Une fois que les deux parties sont d’accord sur les modalités de la rupture, elles signent une convention de rupture. Ce document détaille les conditions de la rupture, notamment la date de fin du contrat et le montant de l’indemnité de rupture.

Étape 5 : Homologation de la rupture conventionnelle

La convention de rupture est ensuite envoyée à la Direction de l’Inspection du Travail pour validation. Cette étape peut prendre jusqu’à 15 jours ouvrables.

Étape 6 : Fin du contrat de travail

Si la convention de rupture est validée, le contrat de travail de Sophie prend fin à la date convenue.
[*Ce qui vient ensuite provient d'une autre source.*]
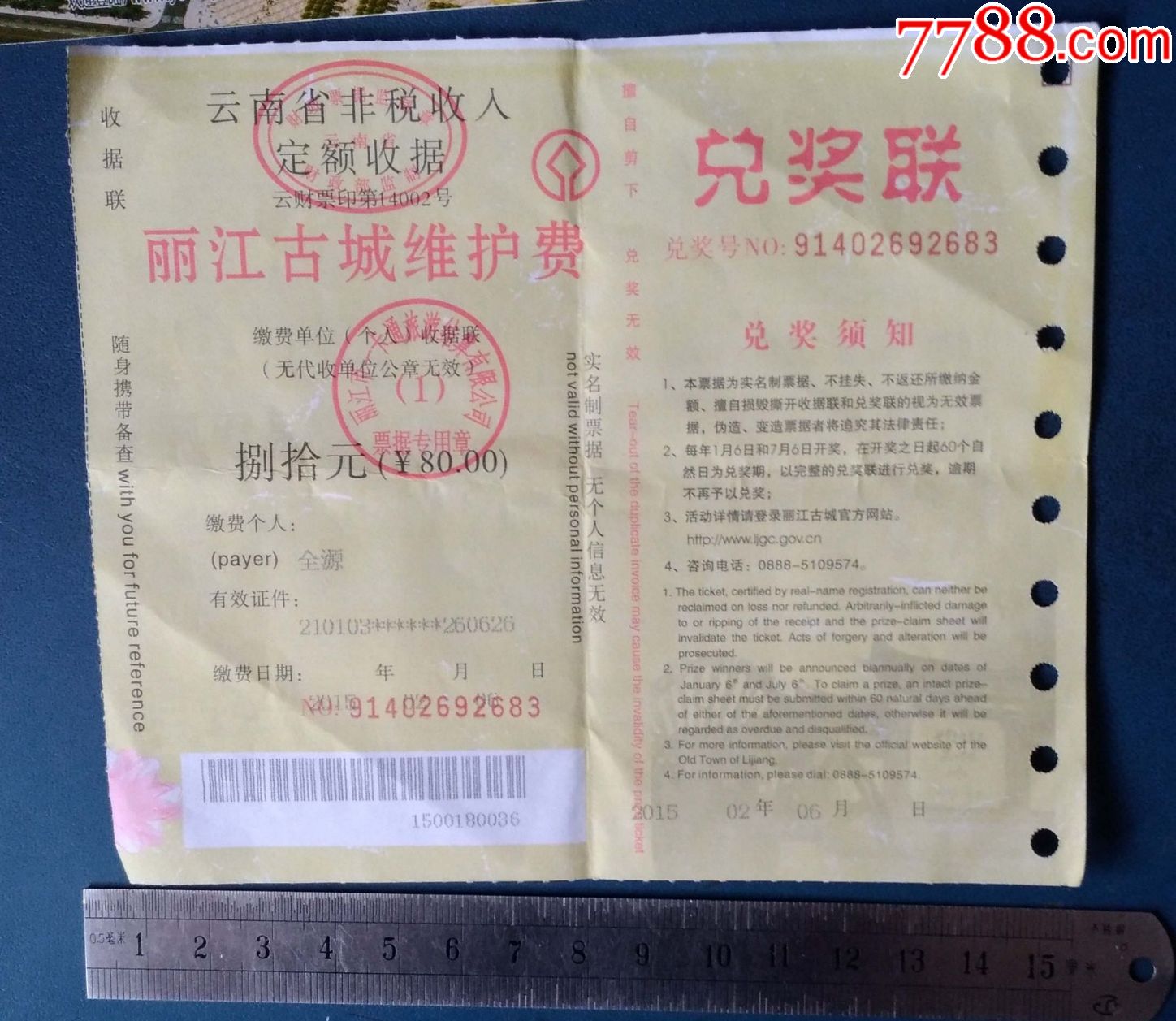 兑奖联--丽江古城维护费的.-彩票\/奖券-7788
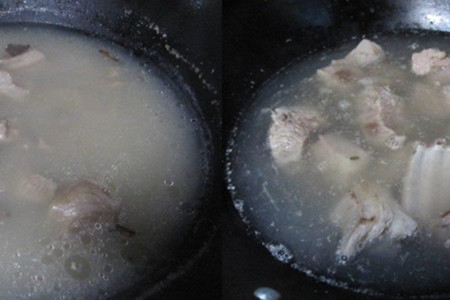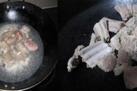 首先,我们要做的就是处理羊排。羊肉本身的腥味比较大,所以最开始要做的就是除腥味。新鲜的羊排砍好后,将其放进清水中浸泡五个小时左右,让排骨里面的血渗出来。洗净后在开水中煮沸,捞出来沥干。这样羊排就不会有很大的异味了。白萝卜也要切成块。

Sophie reçoit alors son indemnité de rupture et peut prétendre à l’assurance chômage.

Étape 7 : Nouveau départ

Sophie peut maintenant se concentrer sur sa reconversion professionnelle dans le domaine de la santé, avec le soutien financier de son indemnité de rupture et, si nécessaire, de l’assurance chômage.

Note que cette situation est un exemple. Chaque cas de rupture conventionnelle est unique et dépend des circonstances individuelles de chaque employé et employeur.

Modèle de lettre pour demander une rupture conventionnelle

[Prénom Nom]
[Adresse]
[Code Postal, Ville]

[Nom de l’entreprise]
[Adresse de l’entreprise]
[Code Postal, Ville]
[Date]

Objet : Demande de rupture conventionnelle

Madame, Monsieur,

Je soussigné(e), [Votre Prénom et Nom], occupant le poste de [Votre poste] au sein de votre entreprise depuis le [date de début du contrat], vous adresse ce courrier pour vous faire part de mon souhait de mettre fin à mon contrat de travail de manière consensuelle par le biais d’une rupture conventionnelle, conformément aux dispositions de l’article L1237-11 du Code du Travail.

Ces derniers mois, j’ai mûrement réfléchi à mon parcours professionnel et j’en suis venu(e) à la conclusion que j’aimerais orienter ma carrière dans une nouvelle direction, [expliquer brièvement les raisons qui motivent votre décision, sans rentrer dans les détails si vous ne le souhaitez pas].

Je vous propose donc de nous rencontrer lors d’un entretien à votre convenance pour discuter des modalités de cette rupture conventionnelle, notamment la date de fin de mon contrat de travail ainsi que le montant de l’indemnité de rupture conventionnelle.

Je reste à votre disposition pour toute information complémentaire et je vous prie de croire, Madame, Monsieur, à l’assurance de ma considération distinguée.

[Votre Prénom et Nom]
[Signature]

N’oublie pas que cette lettre doit être adaptée à ton cas personnel. Il est également recommandé de l’envoyer par courrier recommandé avec accusé de réception pour garder une preuve de ton initiative.